Figure 1. 1022 out of ~1000 Nucleotides were sequenced for the pNIC plasmid. This was sequenced using pLIC-for primer.
Figure 2. 999 out of ~1000 Nucleotides were sequenced for the pNIC plasmid. This was sequenced using pLIC-rev primer.
After a DNA sequence analysis it was determined that the sequence is indeed the same sequence recorded for pNIC-Bsa4.
Midi Prep of pNIC+Bsa4 DH5a Cells
I repeated the expression of pNIC+Bsa4 in DH5a cells for the purpose of purifying this plasmid for use in future procedures with my target. With this midi prep I collected 1mL of 77.5 ng/uL pNIC plasmid in TE buffer. Figure 3. Nanodrop of pNIC-Bsa4 plasmid made in Dh5a cells and purified by midi prep. The concentration was determined to be 75.3 ng/uL
Figure 4. Nanodrop of pNIC-Bsa4 plasmid made in Dh5a cells and purified by midi prep. The concentration was determined to be 77.6 ng/uL
PCR of pGBR22
The day finally came, the PCR of pGBR22 finally worked on my 3rd attempt. This was accomplished using M13 forward and M13 reverse primers. Once again we prepared 4 tubes for PCR and they consisted of the following:
Tube A: .3ng of pGBR22
Tube B: 3ng of pGBR22
Tube C: 30ng of pGBR22
Tube D: Control tube, no DNA in this tube.
Troubleshooting: To find out what was going wrong in previous PCR's we analyzed what we could from our gels. On my first PCR I got nothing but a few very faint contamination smears, telling me I had to be more sterile in my PCR technique. In response to this I payed particular care to keep my PCR sterile on the second round and I remade my template dilutions to make sure that they were not part of the problem. Again nothing showed up but I did not get any contamination bars so this time I used a different set of diluted primers. This must have done the trick because on the next PCR attempt I was able to get the bars I was looking for.
Analyzed DNA Sequencing Results forpGBR22
We went to the computer lab and learned the procedure for analyzing DNA sequencing results and using them to verify that they plasmid that you have in lab is the same as the plasmid that you originally intended on replicating.
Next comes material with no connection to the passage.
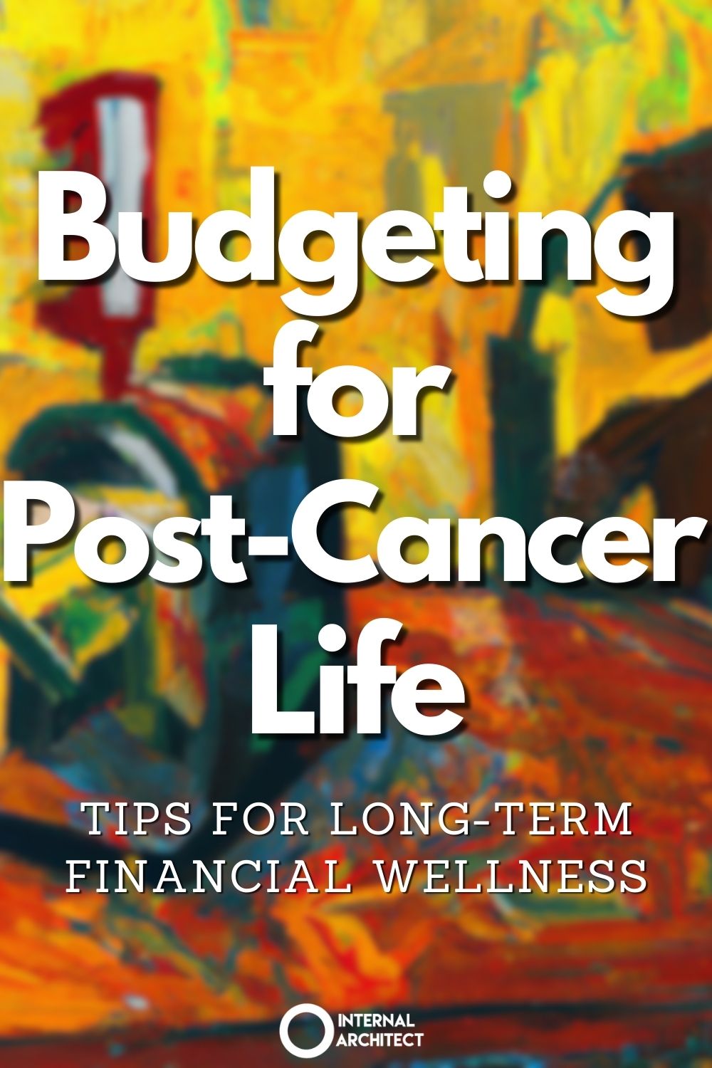 A painting named "Budgeting" in the style of conceptual art with the text Budgeting for Post-Cancer Life: Tips for Long-Term Financial Wellness

This procedure involved using NCBI's blast to compare your sequence to those of other proteins found in the database and creating a pairwise alignment to see if the sequence matches up perfectly to any of the known sequences. We then inserted the sequence for the GBR gene into a pGEMT backbone.
Week 3
PCR of pGBR22
Another way to make copies of DNA is to do PCR on them. PCR stands for Polymerase Chain Reaction and basically what happens is you make copies of DNA and then use those copies as a template to make more copies. We used M13 forward and reverse primers for this PCR. Preparing the PCR reaction tubes took an hour or two since it was our first time but we've been reassured by our mentors that we will soon be PCR pros that could get a reaction rolling in 15 minutes! We prepared 4 tubes for PCR and they consisted of the following:
Tube A: .3ng of pGBR22
Tube B: 3ng of pGBR22
Tube C: 30ng of pGBR22
Tube D: Control tube, no DNA in this tube,
After PCR we stored the tubes in the -20 freezer in our lab. Figure 5. Our first PCR!!
The next day we ran gels of the PCR to determine if our pGBR22 was copied correctly. Figure 4: Agarose gel for pGBR22 samples from PCR run. 1st lane contains the ladder while the subsequent 4 lanes contain 3 samples and a control channel, subsequently. There are no bands and the streaks on well 4 (sample 3) suggest contamination.
In theory the 2nd, 3rd, and 4th lanes should have 1 solid band, any more and we know that we had contamination, DNA fragments that are not pGBR22 are present. These results show a few bands in lane 4 which suggest there was contamination. There is also a lack of solid bands so we know we didn't successfully replicate pGBR22. We are working on repeating this protocol as soon as week 4 starts.
Midi Prep of pNIC+Bsa4 DH5a Cells
The next step with our pNIC+Bsa4 DH5a cells was to purify the plasmids that we had been making so many copies of inside of the DH5a cells. We began by centrifuging the DH5a cells in the large centrifuge found in our lab and then removing the supernatant liquid which was mostly just LB. We resuspended the pellet in P1 buffer and then proceeded to do the full Midi prep which consisted of washing the cells with 2 buffers, lysating the cells, filtering out the solid waste, precipitating the DNA, and finally collecting the precipitated DNA with TE buffer. I learned the following from this procedure:
Keep a timer nearby to be able to keep track of the waiting times easily and so that you don't get your waiting times mixed up with any of your partners
Read all the labels of what you are putting into your midi prep very very carefully because they all look almost identical and you can really mess up your midi prep this way
Never pull back on the plunger of the syringe until you have removed the QIAprecipitator from the syringe
Collection tube =/= waste tube.
I learned the last one the very hard way. I'm embarrassed by this but I accidentally deposited all of my purified plasmids into my waste container because I didn't realize the TE buffer collected the DNA. Because of this I'll have to repeat midi prep next week so that I can have this plasmid backbone ready to go for my protein target.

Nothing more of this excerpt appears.